Risk of doing nothing on jobs is too high

If someone offered you the opportunity to make a tenfold return on an investment over five years, would you take it?

That’s what the Santa Rosa Chamber of Commerce BEST economic development program is offering state and local government: $37 million in additional tax revenue generated by 4,100 new jobs created or attracted to Sonoma County in the next five years, according to its estimates.

That’s the goal set by Building Economic Success Together – BEST – which has set a $3.25 million fund-raising goal and is well along to achieving it.

Including the county contribution, the campaign has raised $2.415 million – the vast majority from business. That puts BEST at 74 percent of its goal and places it on solid ground to go forward.

But this is not about fundraising. It is about creating jobs, the most basic underpinning of any community. And it about proactively seeking out and supporting jobs in an economy where the rules of job creation have changed.

In a presentation Thursday celebrating the kickoff of the 30th anniversary of the founding of the Wells Fargo Center for the Arts, Wells Capital Management Senior Economist Gary Schlossberg noted that Sonoma County has recently fared better in job creation than the state and nation.

His data show that while gains have slowed over the past two months, job growth has exceeded 2 percent in Sonoma County this year while the state and nation have lagged behind at about 1.5 percent or less.

That’s good news. But Sonoma County’s unemployment rate remains historically high above 9 percent, and there are pockets in the county where it is well into the double digits. And Sonoma County by percentage lost more jobs in the recession than the state or nation. At the deepest point in the recession, the county shed 9.5 percent of its employment base, according to Mr. Schlossberg’s data.

Many experts believe the recession, globalization and technology have created structural changes in employment that will keep the jobless rate high for years to come if not longer.
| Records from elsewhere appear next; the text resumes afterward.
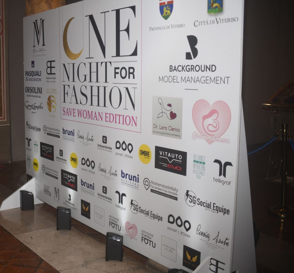 I ringraziamenti vanno a chi ha reso possibile questa straordinaria serata: Background Model Management di Antonella Polini (organizzazione, moda e marketing), Luca Antonelli (organizzazione e ufficio stampa), Simonetta Coccia (marketing), Only Chic di Vittoria Mantrici (logistica), Barbara Ercolani e Silvana Pagliaccia (make-up) e l’Accademia di Trucco Professionale di Roma per aver contribuito a fare di “One Night for Fashion – Save Woman Edition” un evento che, con forza e passione, ha dato voce a tutte le donne che combattono ogni giorno per la propria libertà.
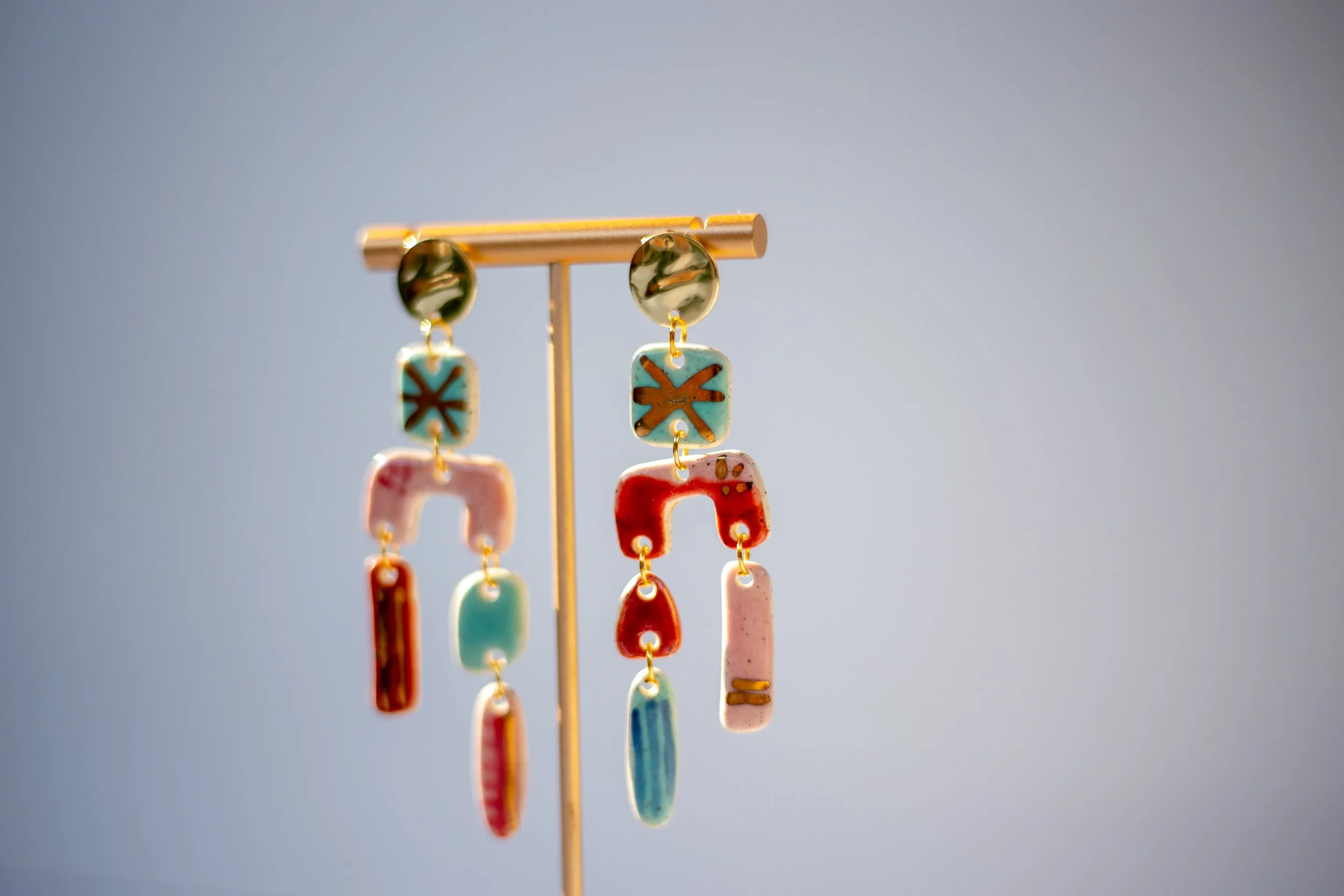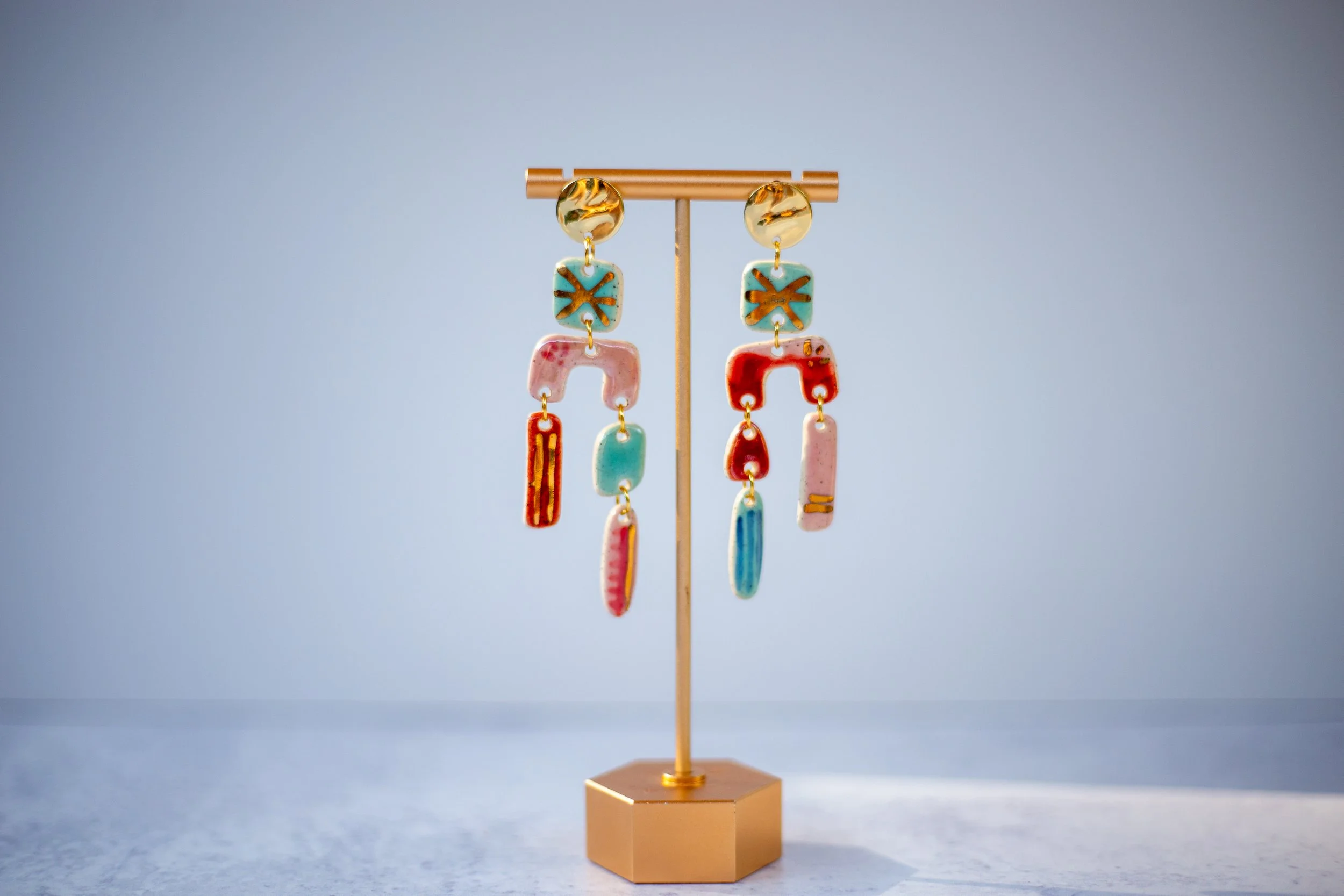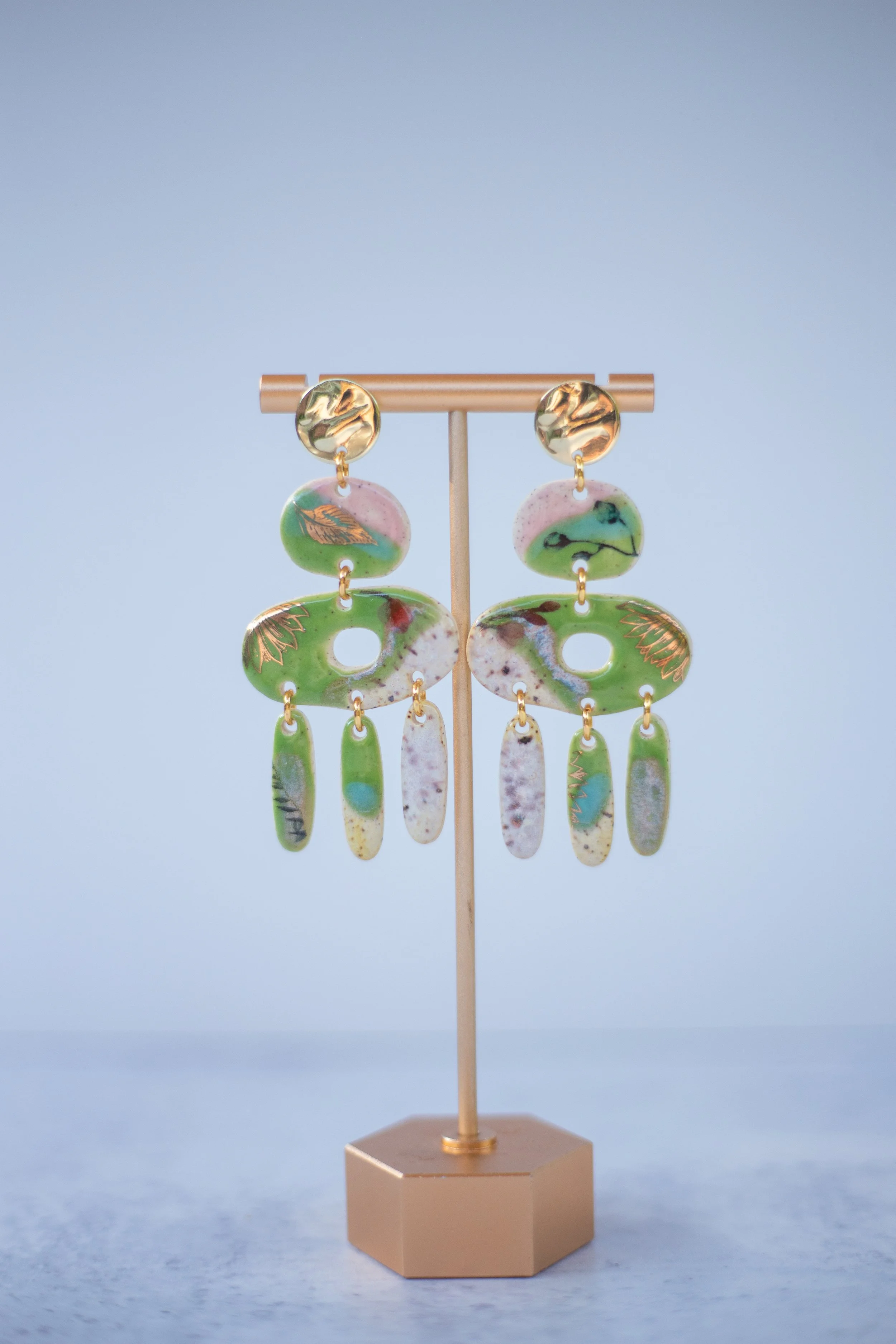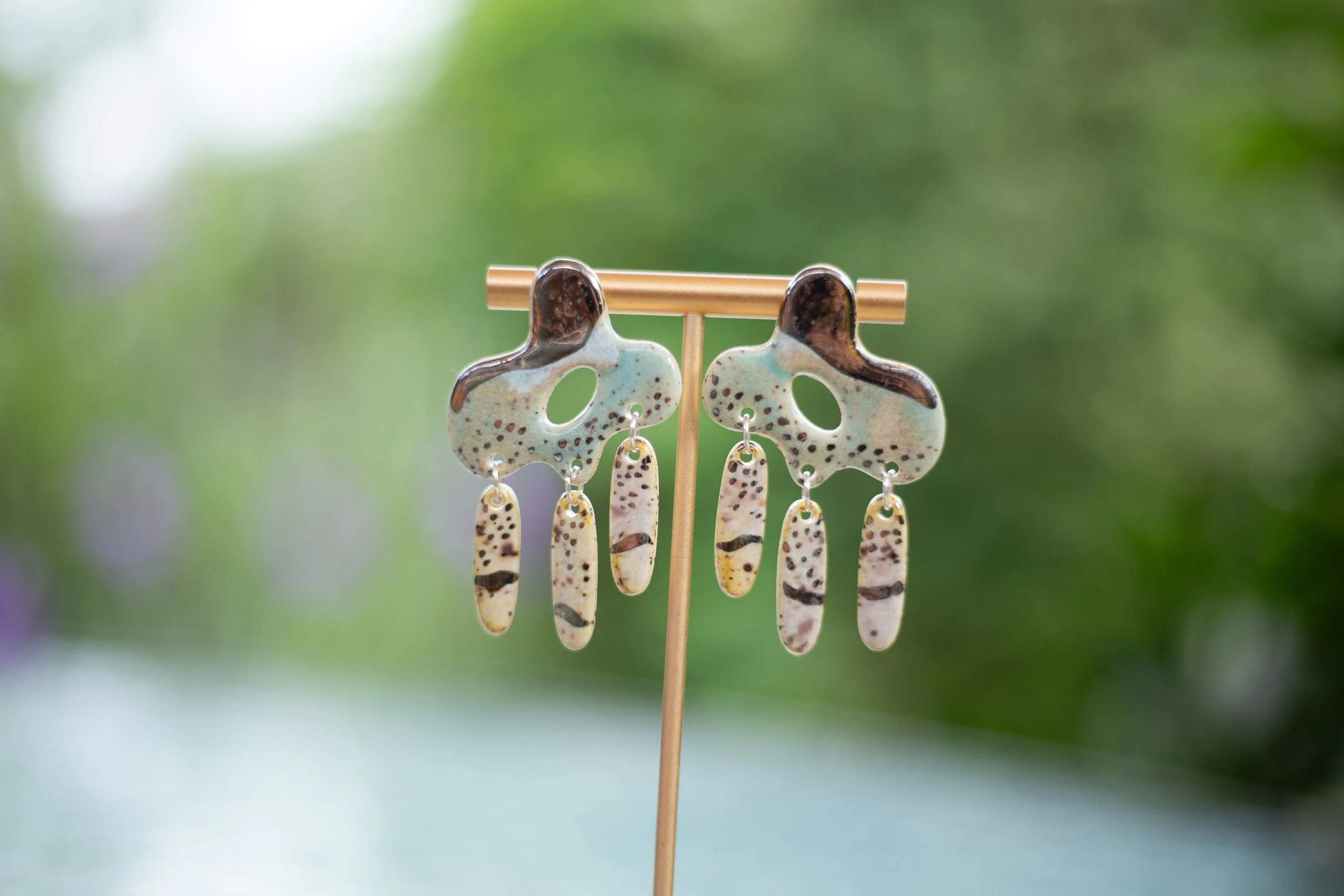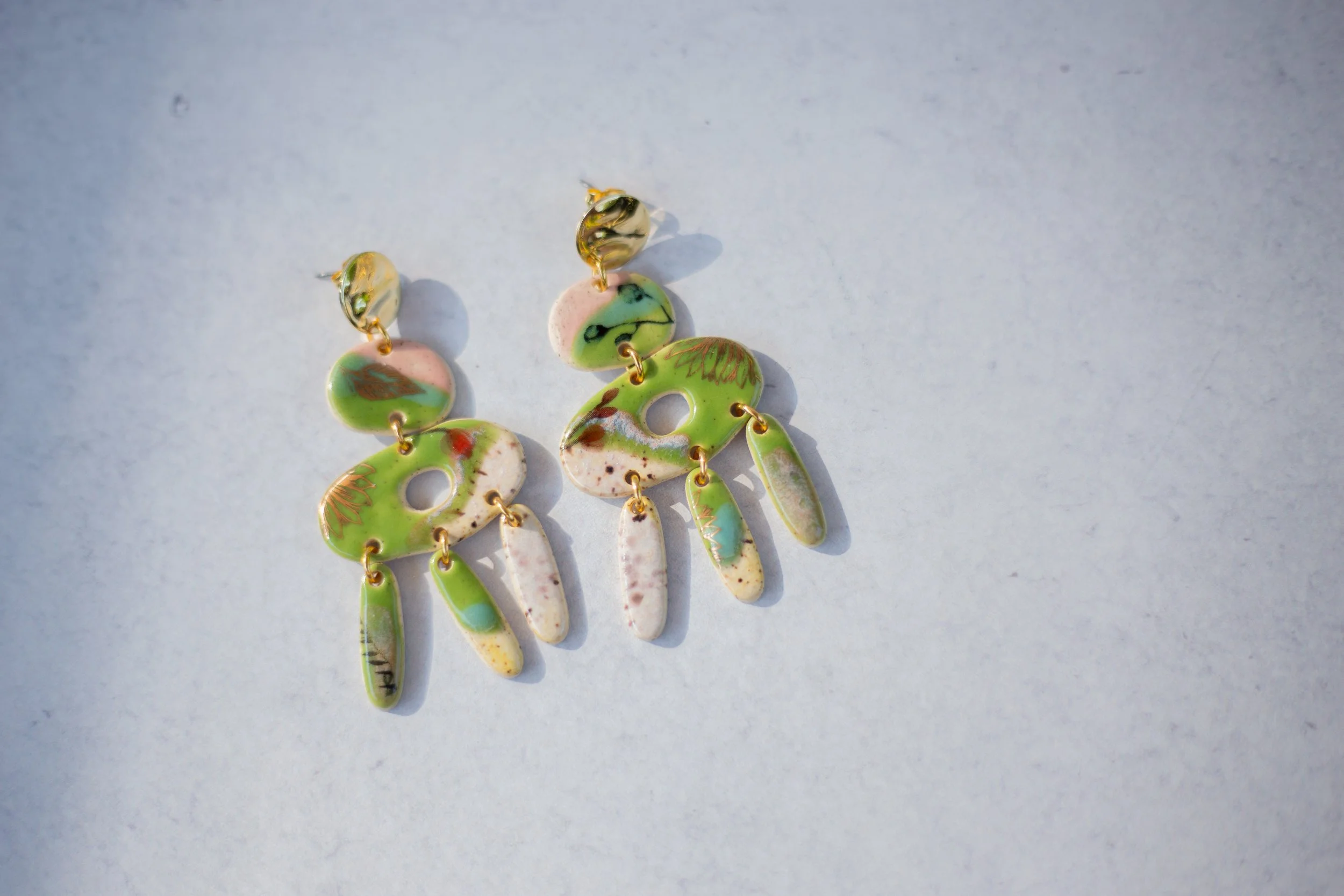 All Shop Neola pieces are handmade ceramic and detailed with luster and 22-karat gold. Each piece uses multiple glazes to create a colorful piece of art for your ears. All pieces undergo many firings in order to complete a complex and charming look that embodies both nature and beauty.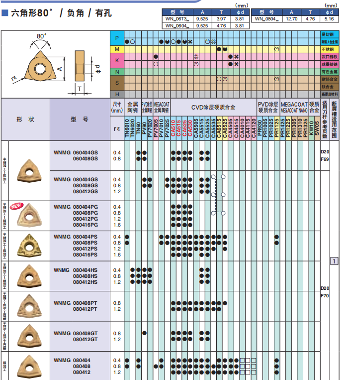 日本京瓷數(shù)控刀片 鋼件加工刀片 WNMG080408-GS CA530 凸三角刀片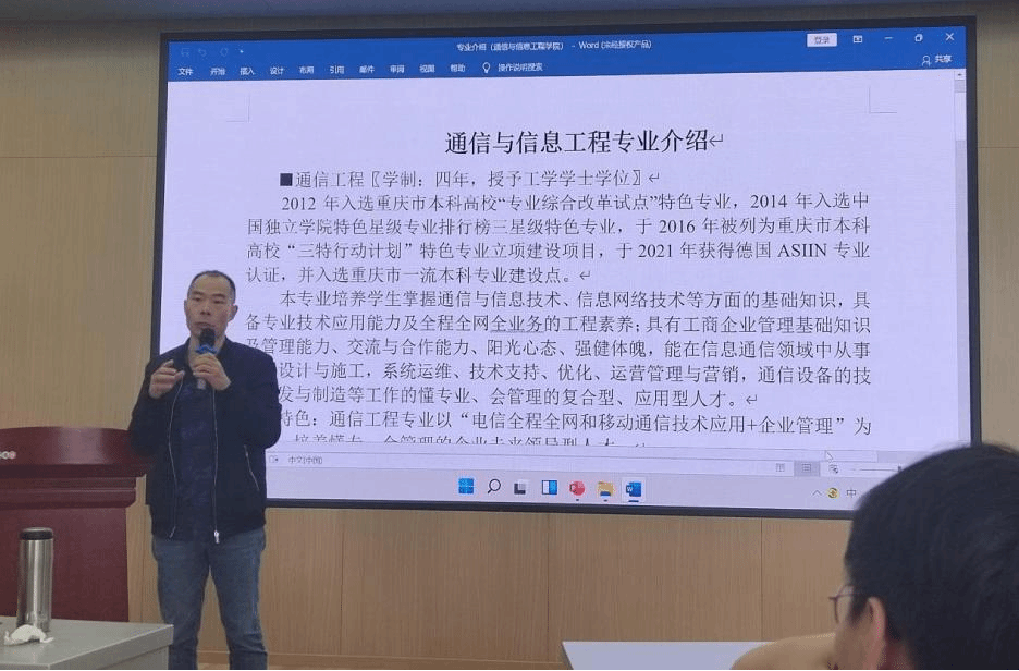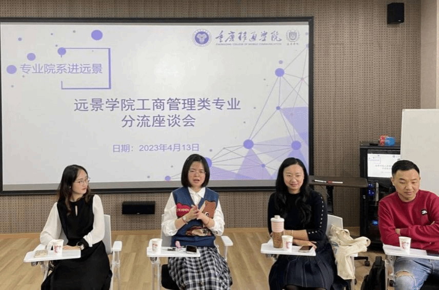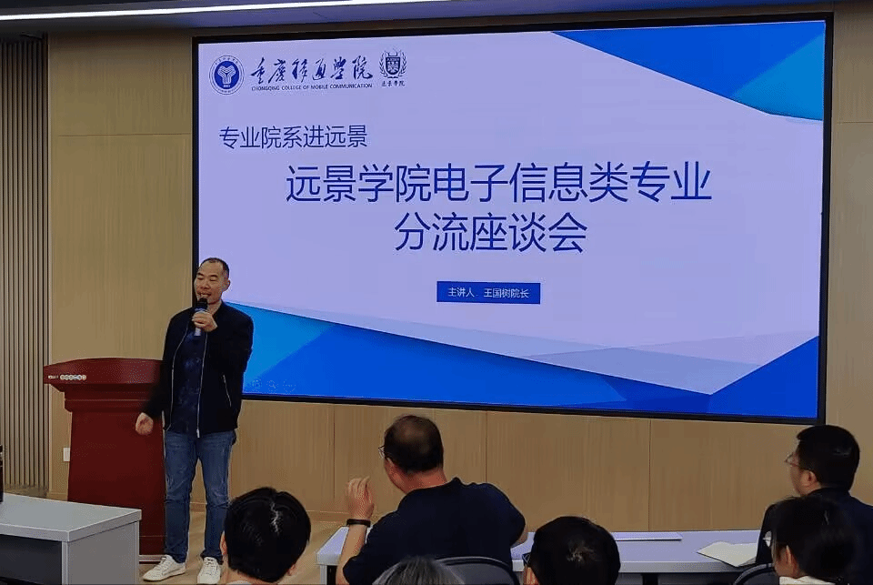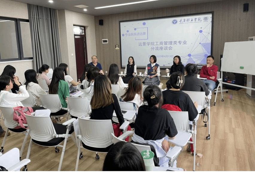 为做好学生转专业及专业分流工作,使同学们更加深入了解所学专业内涵,明确学习目标与发展方向,远景学院于4月13日、14日分别在302电影教室、智者楼304智者讲堂开展“专业院系进远景”活动,通信与信息工程学院王国树副院长、淬炼·国际商学院教研室主任杜嘉、教师代表尹欣、周晓蝶、陈冰川应邀分享,活动由教学副院长强杨主持,远景学院工商管理类、电子信息类专业全体学生参加。

So, one can resign himself to that dreary future or combat it with the right training programs, business retention and attraction and other strategies, which are what BEST is designed to do.

The question, of course, is how to accomplish the goal of creating 4,100 jobs and how to measure it. And in agreeing to support BEST, county supervisors made clear they expect measureable results above the 20,000 new jobs forecasters say the economy could – with the key word being could  – create organically over five years.

It’s not as though Sonoma County is the first to try this. Similar programs based on return on investment to their backers have shown success in Asheville, N.C., Richmond, Va., and Omaha, Neb.

Is BEST a risk? Of course it is. But doing nothing is a bigger one.